Bessy cast a sidelong glance at her sister, and they both erupted into chortling laughter. Calming herself quickly, so as not to begin coughing again, Bessy studied Margaret as if she were some foreign creature. “The money ain’t bad, to be sure, but he’s not one to make yo’r eyes sore either!”
Margaret blushed at their teasing, silently realizing that the man who had asked her to marry him was sought after as a handsome bachelor.
“Yo’d know he’s the best of the lot if yo’d see the rest of them that are masters,” Bessy added. Mary nodded her agreement.
“I know I’m very new here,” Margaret began.
“And perhaps it will seem strange to you, but a manufacturer is not thought of so highly in more genteel places in England.” Here, Margaret’s voice twisted into a tone of disdain.

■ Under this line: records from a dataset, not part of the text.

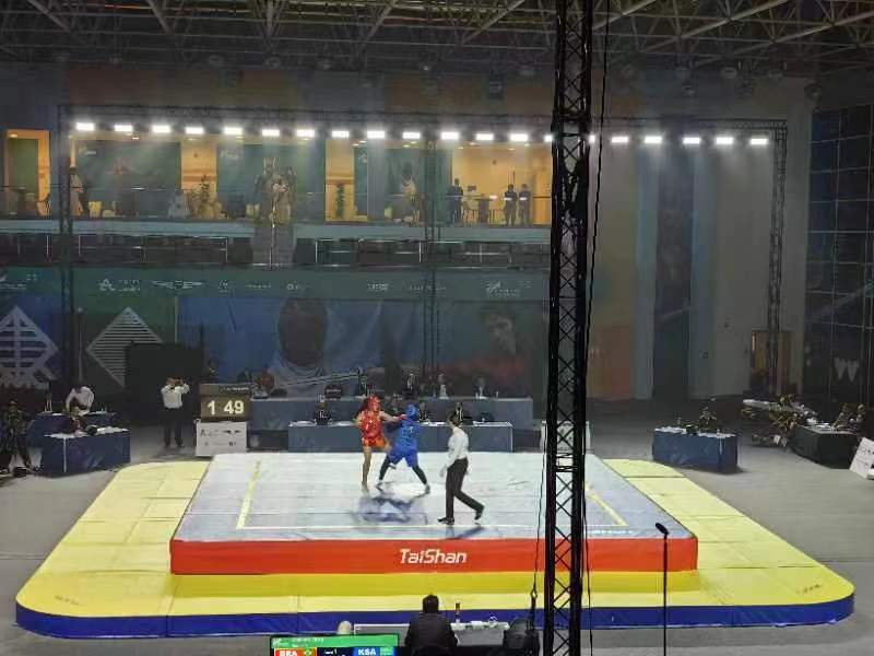 第三届世界武搏运动会武术比赛于10月21日至22日在沙特国王大学体育馆进行,吸引了来自五大洲的31个国家和地区的近80位运动员参赛。武术项目首个比赛日中,共产生男子长拳与女子长拳两枚金牌。其中,尼泊尔、中国各获一金。作为本届世界武搏运动会器材供应商与服务商,中国·金沙(js69认证)体育再一次助力世界武搏运动会的高水平举办。
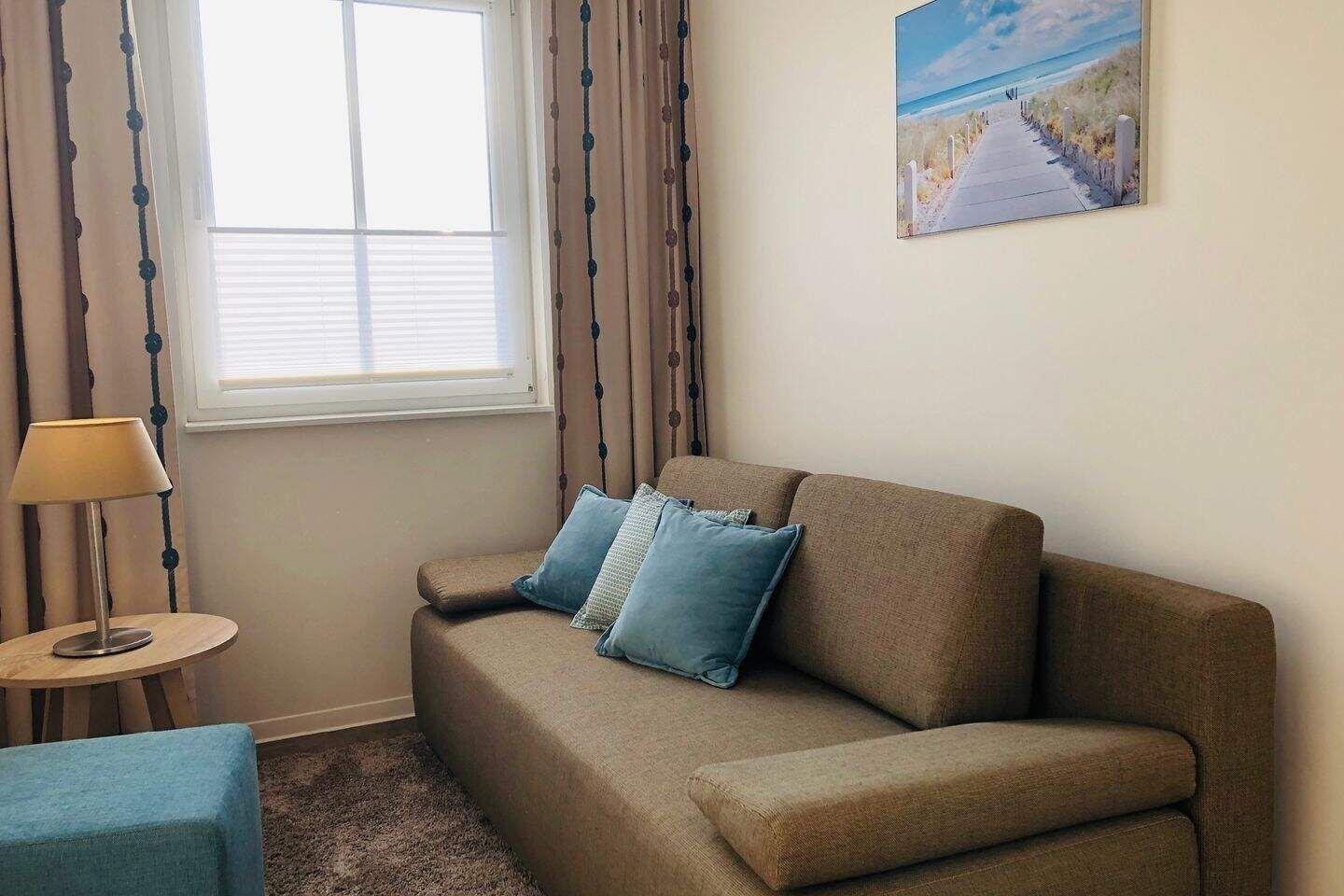 Diese Suite ist einige der wenigen, welche über ein zusätzliches Zimmer verfügt. Dieses ist mit einer bequemen Doppelschlafcouch ausgestattet (1,40m x 2,00 m) und bietet einen kleinen Blick auf die Ostsee.
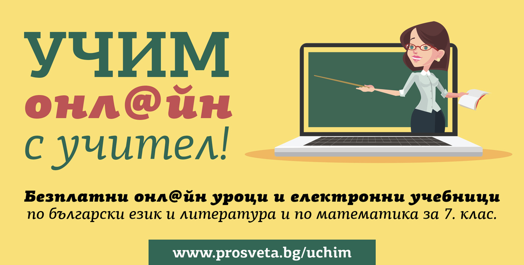 Уроците може да се гледат в сайта и във фейсбук страницата на издателството. Там учениците ще намерят и безплатни електронни учебници по български език и литература и по математика за 7. клас. Подробности за инициативата и график на видеоуроците ще научите тук:: http://www.prosveta.bg/uchim
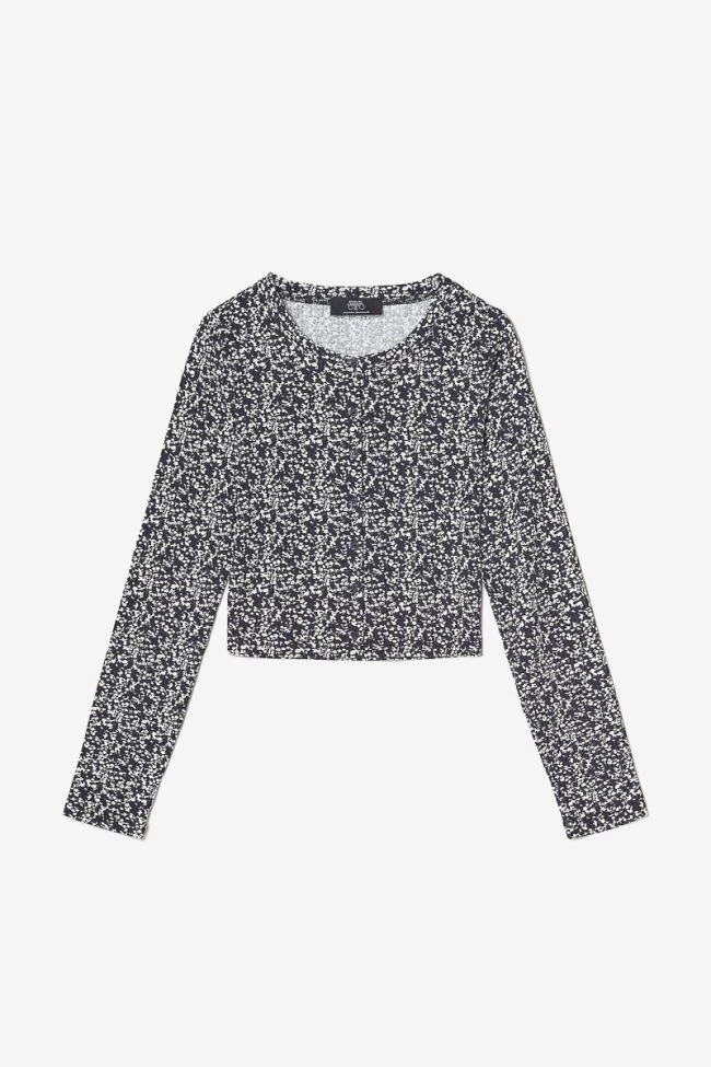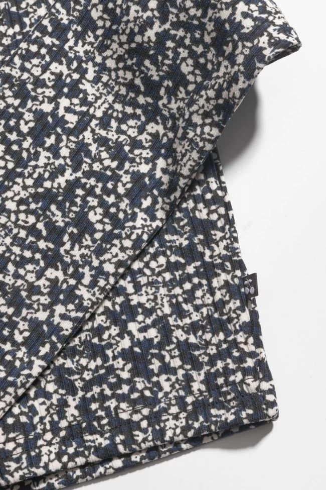 Cardigan Alvagi légèrement court avec des manches longues, un motif imprimé floral bleu nuit et blanc ainsi qu’une boutonnière à l’avant. Son tissu légèrement côtelé est agréable à porter.
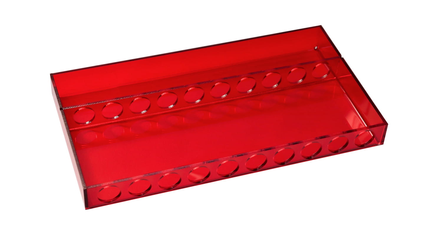 Czerwony kolor chroni przed działaniem ultrafioletu oraz powoduje, że materiał z którego jest wykonany stojak nie żółknie.
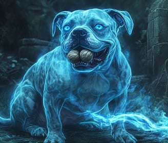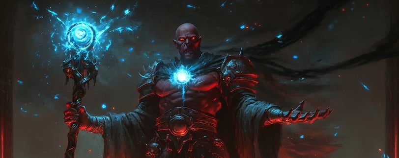 Han hævede begge hænder, knuste to blå sten mellem fingrene. En isnende kraft skyllede gennem rummet, og fra støvet synes to skyggeskikkelser at rejse sig – hylende, forvrængede ånder, bundet til hans vilje.
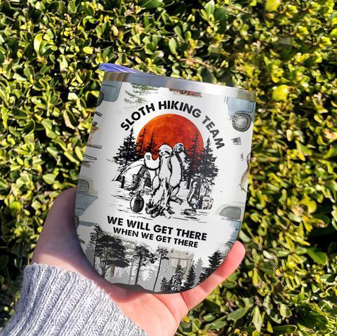 Sloth Hiking Team We Will Get There Wine Tumbler, Personalized Tumblers, Tumbler Cups, Custom Tumblers
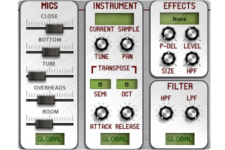 'Close'(Mono), 'Bottom' (Mono), Tube (Mono), 'Overhead' (stereo) and 'Room' (ambient stereo).
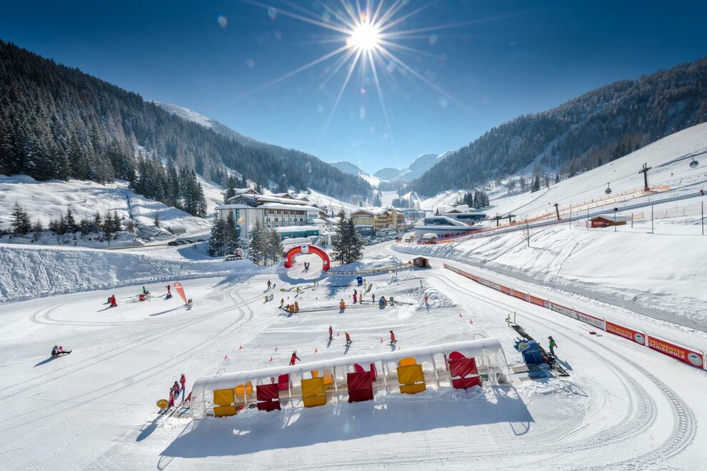 Next to it there are two sports shops to rent the ski equipment, the après ski bar Zauchensee and the Almbar with bowling.
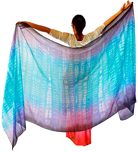 Description : Beautifully hand-dyed, unique, patterns and blends. The veils are 100% silk habotai weighing 4mm which is the lightest silk available without compromising the quality. The lightness of the silk, which floats beautifully, allows for greater expression. The sizes are 2yds, 3 yds or 3.5 yds x 45". The shortsides have a very smooth, silk thread, almost invisible hem and the long sides are professionally finished. 100% of the silk veils featured here are hand-dyed by Nahari here in the US. Hand Wash seperately in cold water or Dry Clean. The veils are used for belly dance, veil meditation, worn as sarongs, scarves, or used as curtains or as a light but very warm cover. Made with Love and Care in the mountains of New Mexico. We guarantee your satisfaction!
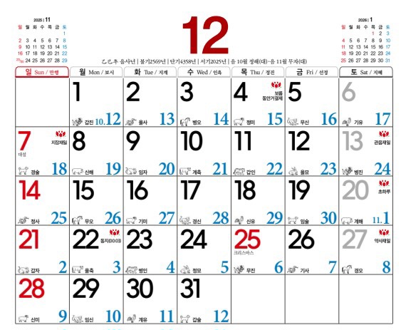 12월12일 10.23 을묘(乙卯) 黃道吉日

“I have a strong distaste for those whose primary aim is to make money for themselves. I’m certain he never thinks about the privileges that must have enabled him to hold such a position over others. ”
“Ah, but yo’ don’t know him! They say he worked his way up to his role as Master,” Bessy countered, and then leaned forward with a mischievous grin. “Rumor has it that there’s some dark secret about his past,” Bessy said in a whisper.
She leaned back against her pillows again, satisfied to see Margaret’s expression blanch.
“Makes him even more mysterious, I should say!” Bessy declared, darting her gaze to see her sister smile.
Margaret stayed to talk with her new friend for a while longer, but her thoughts were distracted by the tumble of conjectures running through her mind as to what “dark secret” could be lurking in Mr. Thornton’s past.
The door latch clacked, and Nicholas Higgins entered his home. He stopped in his tracks at the sight of the visitor. The room went still, waiting for his reaction. He met the eyes of his ailing daughter. “Yo’ were right. I didn’t think she’d come.”
“Now here’s the wonder,” he went on, surveying the newcomer with cautious doubt. “If she’ll come again, or if she’s here just to lay pity on us and satisfy herself with having done her deed of charity.”
Bessy looked to Margaret with a yearning to know if her father’s words were too harsh, or if they spoke the truth.